:: Provided entries

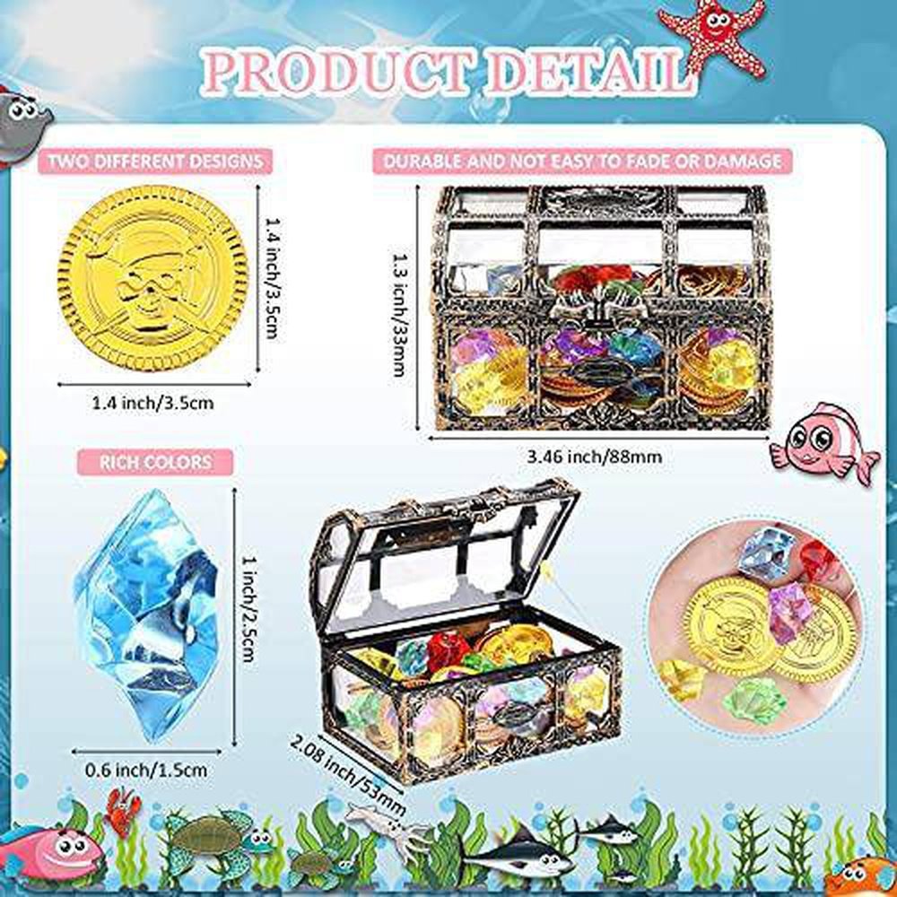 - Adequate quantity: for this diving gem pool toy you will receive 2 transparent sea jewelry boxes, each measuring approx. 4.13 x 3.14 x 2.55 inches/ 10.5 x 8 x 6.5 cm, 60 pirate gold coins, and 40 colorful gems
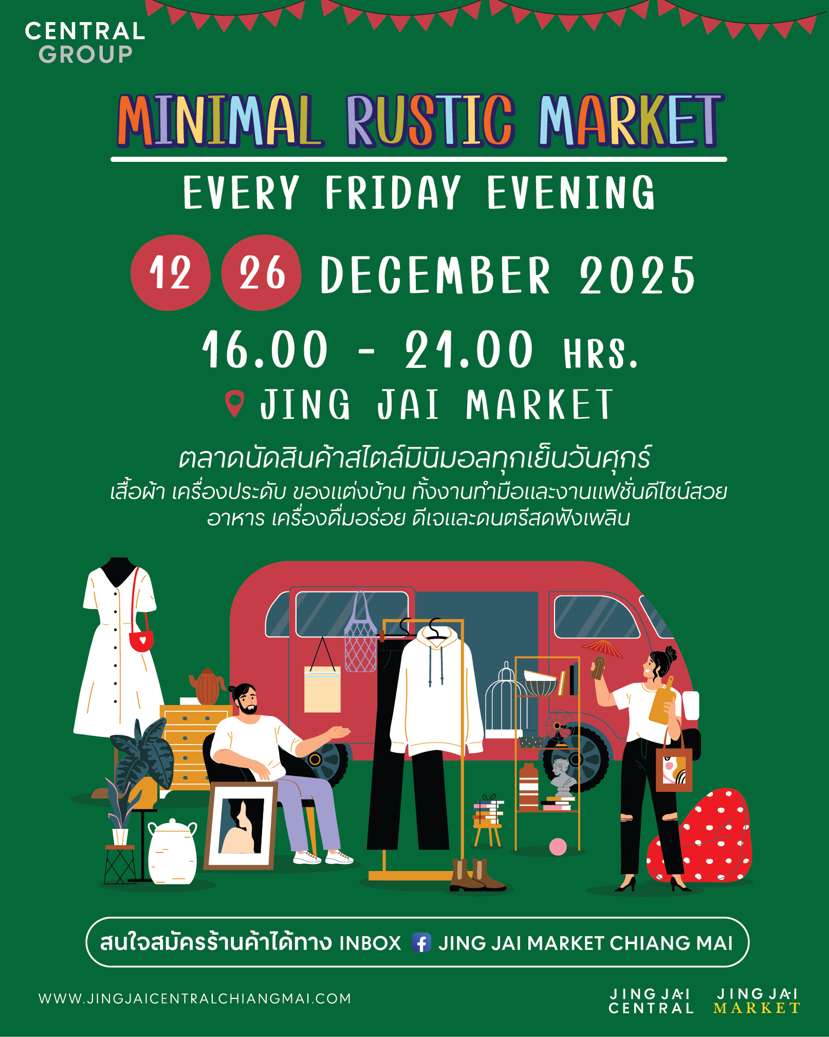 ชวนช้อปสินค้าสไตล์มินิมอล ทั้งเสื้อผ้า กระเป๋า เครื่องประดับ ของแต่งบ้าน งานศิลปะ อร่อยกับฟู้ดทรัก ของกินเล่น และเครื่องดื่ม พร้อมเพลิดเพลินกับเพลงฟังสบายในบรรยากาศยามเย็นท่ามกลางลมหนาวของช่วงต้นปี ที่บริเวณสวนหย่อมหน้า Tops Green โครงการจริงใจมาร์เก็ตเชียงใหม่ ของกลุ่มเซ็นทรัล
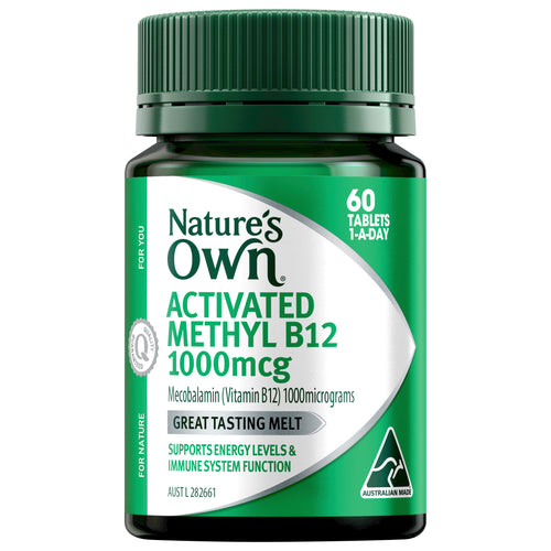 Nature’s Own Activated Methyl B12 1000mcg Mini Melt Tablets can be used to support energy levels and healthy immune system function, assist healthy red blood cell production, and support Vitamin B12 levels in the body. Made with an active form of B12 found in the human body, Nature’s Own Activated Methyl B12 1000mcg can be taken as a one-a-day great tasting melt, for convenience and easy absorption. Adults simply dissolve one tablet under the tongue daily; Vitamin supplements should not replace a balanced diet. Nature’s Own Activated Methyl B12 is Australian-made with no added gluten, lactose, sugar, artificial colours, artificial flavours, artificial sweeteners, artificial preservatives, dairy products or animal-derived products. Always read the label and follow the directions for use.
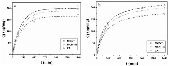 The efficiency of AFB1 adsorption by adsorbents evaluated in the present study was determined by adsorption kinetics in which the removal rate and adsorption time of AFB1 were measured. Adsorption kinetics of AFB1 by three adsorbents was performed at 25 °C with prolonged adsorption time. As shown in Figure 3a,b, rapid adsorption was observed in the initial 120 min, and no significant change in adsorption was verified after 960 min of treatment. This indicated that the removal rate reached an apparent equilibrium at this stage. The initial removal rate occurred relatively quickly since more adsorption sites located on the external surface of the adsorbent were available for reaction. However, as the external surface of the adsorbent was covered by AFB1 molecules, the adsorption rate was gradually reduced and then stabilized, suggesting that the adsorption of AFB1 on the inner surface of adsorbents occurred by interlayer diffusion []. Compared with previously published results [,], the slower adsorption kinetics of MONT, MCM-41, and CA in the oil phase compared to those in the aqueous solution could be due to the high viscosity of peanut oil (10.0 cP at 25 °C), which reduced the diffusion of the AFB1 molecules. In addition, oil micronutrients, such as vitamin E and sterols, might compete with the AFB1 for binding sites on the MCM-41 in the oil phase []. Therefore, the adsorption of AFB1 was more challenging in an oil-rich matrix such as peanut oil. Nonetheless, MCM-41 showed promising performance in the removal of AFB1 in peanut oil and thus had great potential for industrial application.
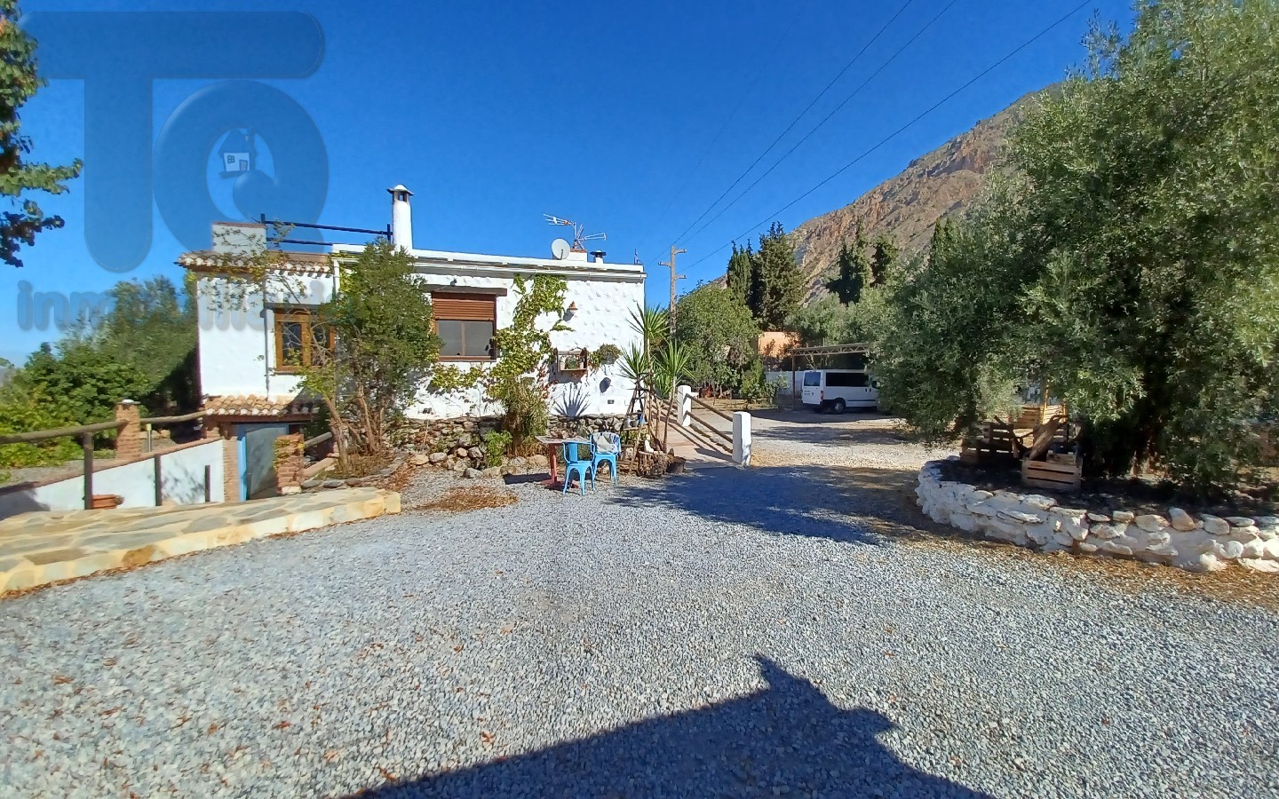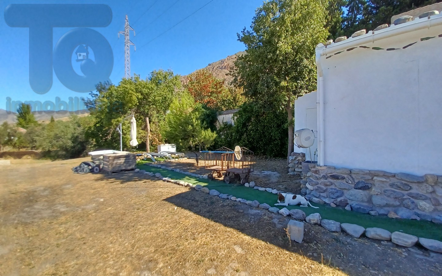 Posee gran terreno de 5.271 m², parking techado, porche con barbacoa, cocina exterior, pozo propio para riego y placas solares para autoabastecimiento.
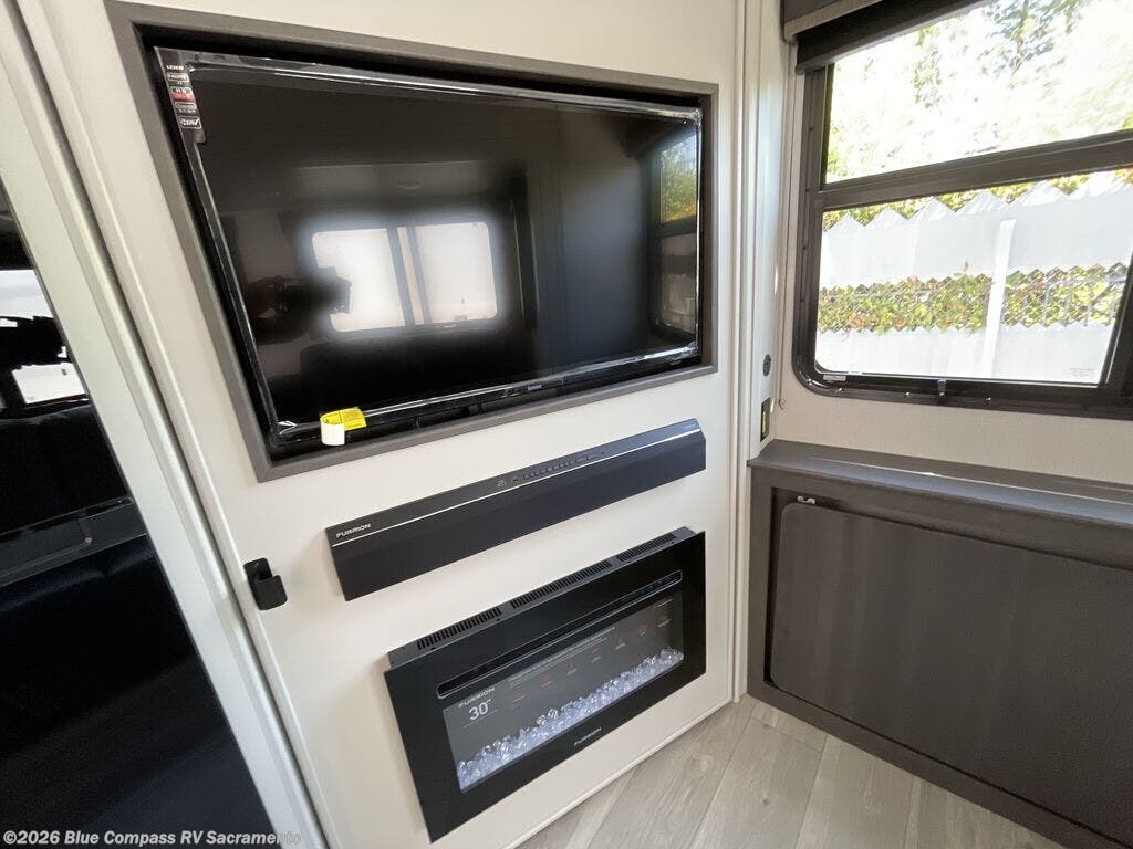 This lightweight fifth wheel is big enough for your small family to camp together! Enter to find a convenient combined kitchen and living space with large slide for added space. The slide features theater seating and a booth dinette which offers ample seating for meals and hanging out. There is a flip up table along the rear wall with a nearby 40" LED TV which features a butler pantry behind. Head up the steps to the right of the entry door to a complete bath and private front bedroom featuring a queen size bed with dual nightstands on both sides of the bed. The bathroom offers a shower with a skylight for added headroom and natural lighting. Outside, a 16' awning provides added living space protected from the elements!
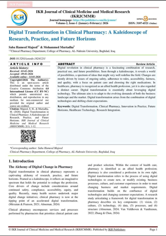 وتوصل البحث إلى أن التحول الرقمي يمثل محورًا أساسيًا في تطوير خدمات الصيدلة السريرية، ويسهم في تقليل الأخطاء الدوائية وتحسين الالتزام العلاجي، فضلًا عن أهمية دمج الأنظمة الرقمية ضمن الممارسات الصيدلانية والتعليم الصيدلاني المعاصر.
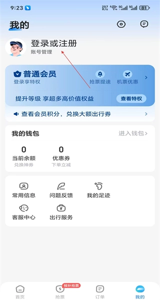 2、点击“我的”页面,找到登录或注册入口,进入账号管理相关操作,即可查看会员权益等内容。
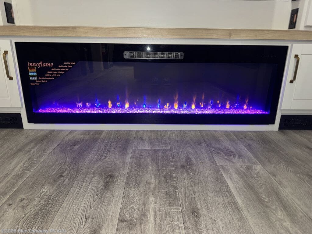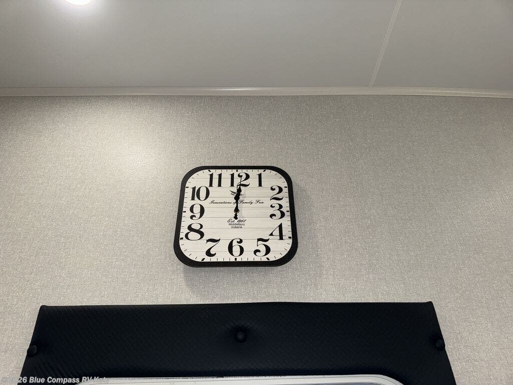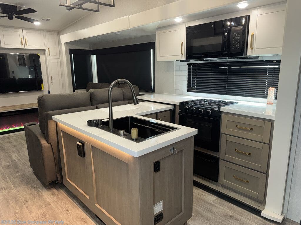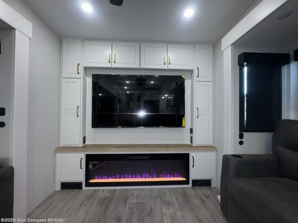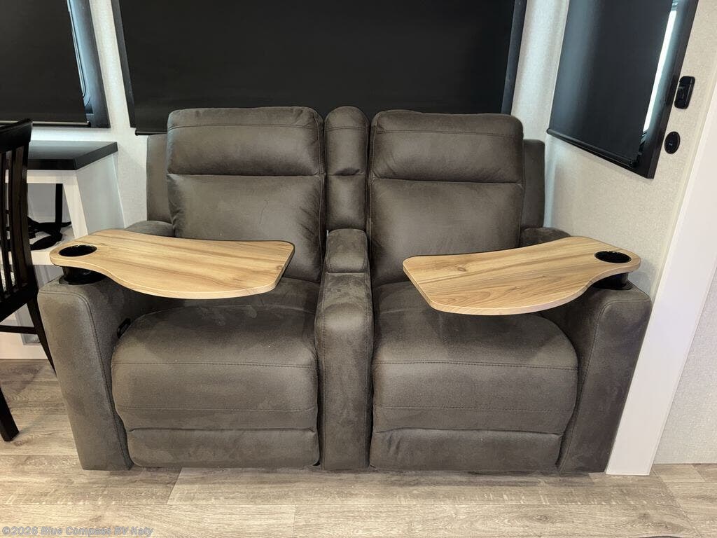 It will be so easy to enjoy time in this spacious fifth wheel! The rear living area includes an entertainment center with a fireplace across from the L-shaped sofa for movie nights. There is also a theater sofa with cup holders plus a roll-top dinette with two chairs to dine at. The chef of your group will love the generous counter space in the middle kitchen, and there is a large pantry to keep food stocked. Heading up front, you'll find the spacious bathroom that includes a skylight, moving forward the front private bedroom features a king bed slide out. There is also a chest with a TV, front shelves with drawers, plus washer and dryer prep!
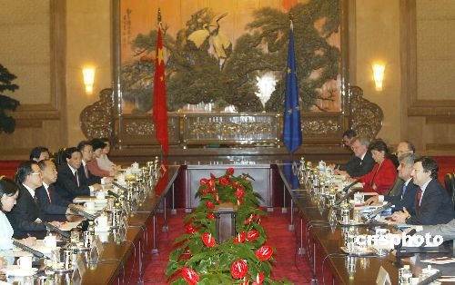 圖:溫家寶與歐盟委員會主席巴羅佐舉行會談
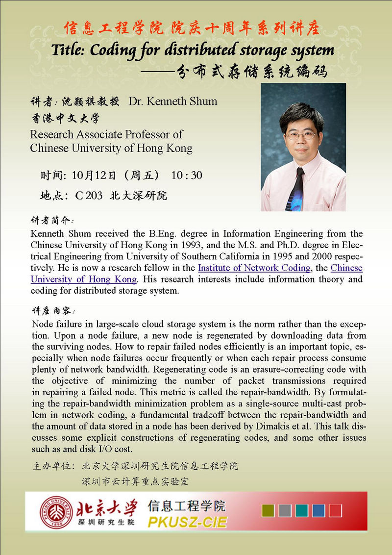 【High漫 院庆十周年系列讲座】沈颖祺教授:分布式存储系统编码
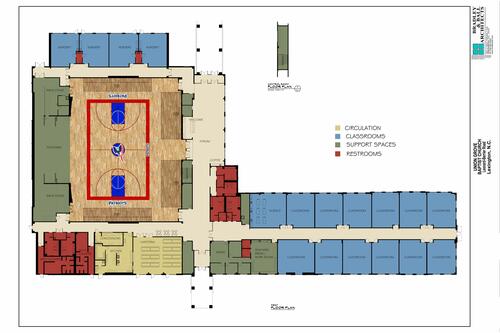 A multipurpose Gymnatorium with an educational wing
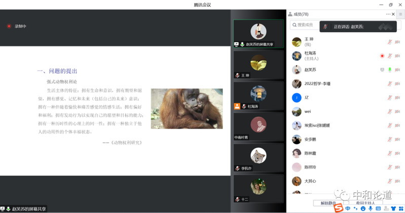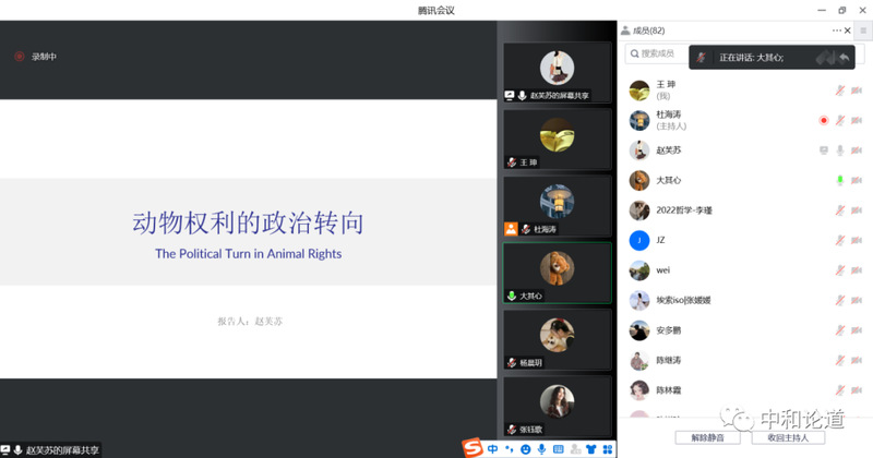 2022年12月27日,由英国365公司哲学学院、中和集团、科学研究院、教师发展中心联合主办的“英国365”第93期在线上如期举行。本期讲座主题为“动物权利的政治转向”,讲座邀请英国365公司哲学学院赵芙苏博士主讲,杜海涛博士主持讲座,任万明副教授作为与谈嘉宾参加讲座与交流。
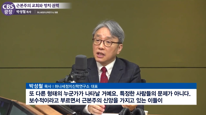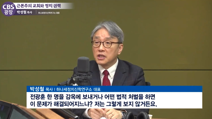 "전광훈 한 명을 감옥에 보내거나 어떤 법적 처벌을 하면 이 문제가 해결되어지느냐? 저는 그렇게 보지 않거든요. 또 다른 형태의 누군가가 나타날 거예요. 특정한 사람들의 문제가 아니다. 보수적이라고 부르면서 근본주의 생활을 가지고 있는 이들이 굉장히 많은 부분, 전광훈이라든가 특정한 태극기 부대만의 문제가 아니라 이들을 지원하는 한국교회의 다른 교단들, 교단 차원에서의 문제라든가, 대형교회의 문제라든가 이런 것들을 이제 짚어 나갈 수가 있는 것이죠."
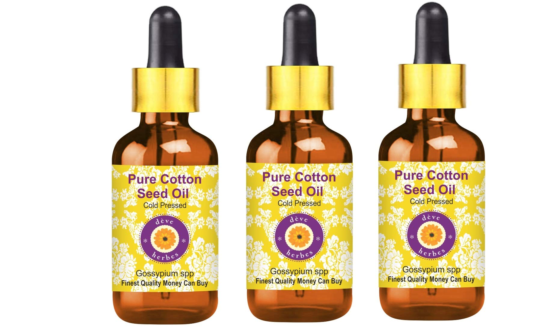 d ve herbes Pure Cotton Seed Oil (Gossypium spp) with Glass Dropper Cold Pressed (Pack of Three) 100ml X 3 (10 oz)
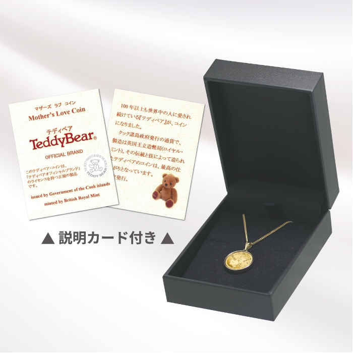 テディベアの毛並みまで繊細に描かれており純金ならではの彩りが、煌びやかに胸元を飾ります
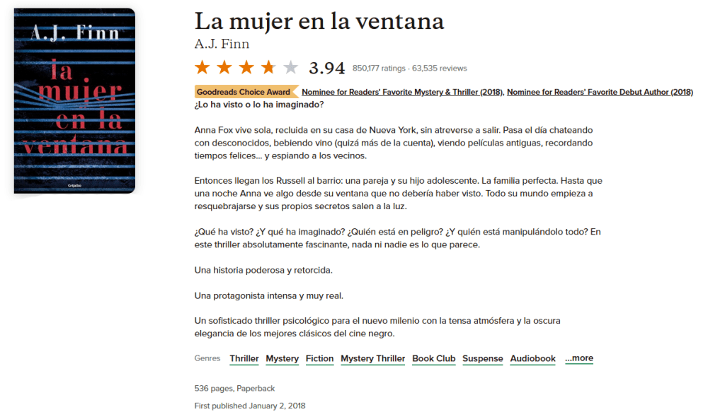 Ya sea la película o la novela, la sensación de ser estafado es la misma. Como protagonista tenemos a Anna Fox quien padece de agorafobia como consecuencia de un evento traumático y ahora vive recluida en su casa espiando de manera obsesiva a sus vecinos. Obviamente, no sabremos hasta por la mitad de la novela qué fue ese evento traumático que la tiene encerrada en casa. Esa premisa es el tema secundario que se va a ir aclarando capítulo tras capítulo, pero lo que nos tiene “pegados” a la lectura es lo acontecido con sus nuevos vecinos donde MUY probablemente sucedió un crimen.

::::

Leave the pictures out and reproduce exactly the lines from the top of the listing above through the line with "Nature’s Own Activated Methyl B12 1000mcg Mini".

 - Adequate quantity: for this diving gem pool toy you will receive 2 transparent sea jewelry boxes, each measuring approx. 4.13 x 3.14 x 2.55 inches/ 10.5 x 8 x 6.5 cm, 60 pirate gold coins, and 40 colorful gems
 ชวนช้อปสินค้าสไตล์มินิมอล ทั้งเสื้อผ้า กระเป๋า เครื่องประดับ ของแต่งบ้าน งานศิลปะ อร่อยกับฟู้ดทรัก ของกินเล่น และเครื่องดื่ม พร้อมเพลิดเพลินกับเพลงฟังสบายในบรรยากาศยามเย็นท่ามกลางลมหนาวของช่วงต้นปี ที่บริเวณสวนหย่อมหน้า Tops Green โครงการจริงใจมาร์เก็ตเชียงใหม่ ของกลุ่มเซ็นทรัล
 Nature’s Own Activated Methyl B12 1000mcg Mini Melt Tablets can be used to support energy levels and healthy immune system function, assist healthy red blood cell production, and support Vitamin B12 levels in the body. Made with an active form of B12 found in the human body, Nature’s Own Activated Methyl B12 1000mcg can be taken as a one-a-day great tasting melt, for convenience and easy absorption. Adults simply dissolve one tablet under the tongue daily; Vitamin supplements should not replace a balanced diet. Nature’s Own Activated Methyl B12 is Australian-made with no added gluten, lactose, sugar, artificial colours, artificial flavours, artificial sweeteners, artificial preservatives, dairy products or animal-derived products. Always read the label and follow the directions for use.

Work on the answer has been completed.